— Чего меня к казакам?! — взвыл мужик. — Пускай свои спрашивают, что надо…
— И черкасы не чужие…
— Я супротив черкасов ничего не говорил… Куда вы меня, братцы, ведете?.. Стойте!..
Подталкивая горбоносого в спину, повели к ратуше. Небаба выслушал его, посмотрел недобро:
— Что-то не нравишься ты мне… Джура!
— Здесь я! — отозвался Любомир.
— Дать ему плетей, чтоб признался!
Казаки схватили горбоносого и потащили. Он закричал.
— Говори!
— Помилуй, атаман, батька родной! Все скажу!.. Сам!..
— Болтал я сдуру, пан атаман!.. Прости пустую голову… Не лях я, православный…
— Не знаю, кто ты. Где хата твоя?
— Православный… — твердил горбоносый, припав к земле.
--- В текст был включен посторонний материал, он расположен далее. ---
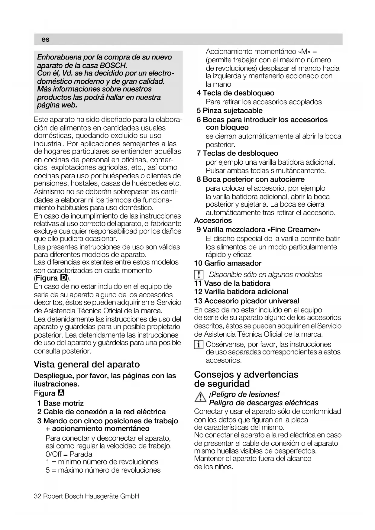 1 Base motriz 2 Cable de conexión a la red eléctrica 3 Mando con cinco posiciones de trabajo + accionamiento momentáneo Para conectar y desconectar el aparato, así como regular la velocidad de trabajo. 0/Off = Parada 1 = mínimo número de revoluciones 5 = máximo número de revoluciones Accionamiento momentáneo «M» = (permite trabajar con el máximo número de revoluciones) desplazar el mando hacia la izquierda y mantenerlo accionado con la mano 4 Tecla de desbloqueo Para retirar los accesorios acoplados 5 Pinza sujetacable 6 Bocas para introducir los accesorios con bloqueo se cierran automáticamente al abrir la boca posterior. 7 Teclas de desbloqueo por ejemplo una varilla batidora adicional. Pulsar ambas teclas simultáneamente. 8 Boca posterior con autocierre para colocar el accesorio, por ejemplo la varilla batidora adicional, abrir la boca posterior y sujetarla. La boca se cierra automáticamente tras retirar el accesorio. Accesorios 9 Varilla mezcladora «Fine Creamer» El diseño especial de la varilla permite batir los alimentos de un modo particularmente rápido y eficaz. 10 Garfio amasador aáëéçåáÄäÉ=ëμäç=Éå=~äÖìåçë=ãçÇÉäçë 11 Vaso de la batidora 12 Varilla batidora adicional 13 Accesorio picador universal En caso de no estar incluido en el equipo de serie de su aparato alguno de los accesorios descritos, éstos se pueden adquirir en el Servicio de Asistencia Técnica Oficial de la marca. Obsérvense, por favor, las instrucciones de uso separadas correspondientes a estos accesorios. Consejos y advertencias de seguridad flmÉäáÖêç=ÇÉ=äÉëáçåÉë> mÉäáÖêç=ÇÉ=ÇÉëÅ~êÖ~ë=Éä¨ÅíêáÅ~ë Conectar y usar el aparato sólo de conformidad con los datos que figuran en la placa de características del mismo. No conectar el aparato a la red eléctrica en caso de presentar el cable de conexión o el aparato mismo huellas visibles de desperfectos. Mantener el aparato fuera del alcance de los niños.

— Где живешь?! — прикрикнул Небаба. — Будешь мне голову морочить? Отвечай, нечистая сила!
— В Охове…
— Кто послал в Пиньск? Ну!..
— Не хотел я… Заставили… Не хотел идти… — и закрыв лицо руками, упал ниц.
— Лазутчик, — покачал головой Небаба.
— Повесить его, нечисть! — ревела толпа.
— Карати на горло, атаман!
— Делайте, что хотите! — махнул Небаба и отвернулся. Мужики схватили горбоносого и потащили к вязу.
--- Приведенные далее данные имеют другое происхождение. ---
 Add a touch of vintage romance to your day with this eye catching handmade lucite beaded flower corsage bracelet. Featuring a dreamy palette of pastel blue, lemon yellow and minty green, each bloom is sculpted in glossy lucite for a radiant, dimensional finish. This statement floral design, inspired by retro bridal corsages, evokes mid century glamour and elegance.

Небаба приказал Любомиру трубить сбор. Заиграл рожок. Сотники вывели казаков к городской стене. Казаки двигались шумно. Около полусотни мушкетов в загоне Небабы прибавилось — часть побросали рейтары Шварцохи, часть досталась из шляхетного города, когда бежал пан войт. Мушкеты и заряды роздали казакам. Пуль и пороху было достаточно.
— Не слышно Гаркуши, — сказал с тревогой Небаба Шанене. — Может, перехватили твоего Мешковича?
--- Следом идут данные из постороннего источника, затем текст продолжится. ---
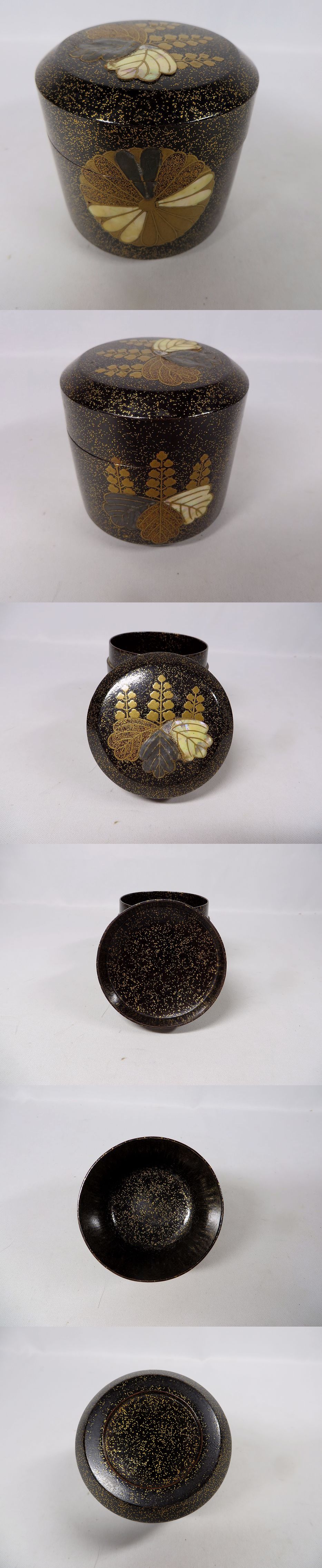 高さ8 口径7.6 時代蒔絵が美しい青貝入り菊桐棗です。惺斎が極めています。 目立った傷みは無いようです。

— Может. Только Гришка и на дыбе рта не раскроет.
— По времени Гаркуше пора быть здесь…
Они сели на коней и поехали по запруженной повозками и казаками улице.
— Дорогу атаману! — неслось по рядам.
Высоченный казак с обвислыми черными усами схватил стремя Небабы и посмотрел атаману в глаза:
— Поспеемо, батько, к зимушке на Украину ридну вернуться? Болит серденько по милому краю.
— Побиваемо панов и вернемся. Видишь сам, в какой беде белорусцы.
— Вижу, батько. Не оставимо. Полягаем, а не оставимо…
И снова стали пробираться через поток людей. Сотники уже ставили казаков на стену.
— Мушкеты до ворот! — приказал Небаба. — В ворота войско ломиться будет. Горожан сюда на подмогу…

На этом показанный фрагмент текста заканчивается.